Veeam has published an advisory disclosing two vulnerabilities in Veeam Service Provider Console affecting version 8.1.0.21377, as well as all previous 8 and 7 builds. Both flaws were discovered during internal testing. CVE-2024-42448, CVSS score 9.9, allows remote code execution on the VSPC server machine by an authorized agent on the VSPC management agent machine. CVE-2024-42449, CVSS score 7.1, allows an attacker "to leak an NTLM hash of the VSPC server service account and delete files on the VSPC server machine" under the same authorized management agent condition. The only solution provided by Veeam is to update to Veeam Service Provider Console 8.1.0.21999. 

I-O Data has confirmed that three unpatched critical flaws in their routers are being actively exploited. A firmware update for an inclusion of undocumented features issue (CVE-2024-52564) that could be exploited to disable firewalls has been shipped; patches for the other two vulnerabilities – an information disclosure issue (CVE-2024-45841) and a remote arbitrary code execution flaw (CVE-2024-47133) – are not expected to be available until December 18.

Chemonics International, a contractor for the United States Agency for International Development (USAID), suffered a data breach earlier this year that exposed personal information of more than 263,000 people. Chemonics disclosed the breach on December 3, 2024. The company “became aware of suspicious activity related to certain user accounts” in mid-December 2023; an investigation revealed that intruders had access to Chemonics systems starting in May 2023. Affected data include “name, address, email address, date of birth, social security number, driver’s license or state ID information, passport information, US military ID information, tribal ID information, financial information, health and related information, usernames and passwords, biometric information, gender/sexual orientation information, and signatures.”

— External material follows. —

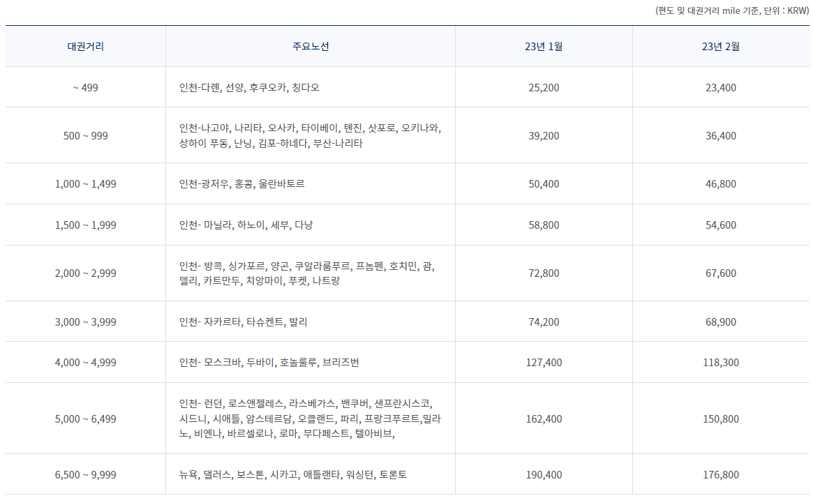 2023년 2월 대한항공 국제선 유류할증료 정보

In May 2024, iVerify launched their Mobile Threat Hunting feature. On December 4, they published a report of finding from the use of the feature. From the 2,500 device scans that users submitted to iVerify, seven found instances of Pegasus spyware, some dating as far back as 2021. iVerify writes that their “investigation detected 2.5 infected devices per 1,000 scans – a rate significantly higher than any previously published reports.”

Stoli Group USA and Kentucky Owl (KO) recently filed for bankruptcy. Both organizations are subsidiaries of Stoli Group, which suffered a ransomware attack in August of this year. According to the bankruptcy filing, “The attack caused substantial operational issues throughout all companies within the Stoli Group, including Stoli USA and KO, due to the Stoli Group’s enterprise resource planning (ERP) system being disabled and most of the Stoli Group’s internal processes (including accounting functions) being forced into a manual entry mode. These systems will be fully restored no earlier than in the first quarter of 2025.”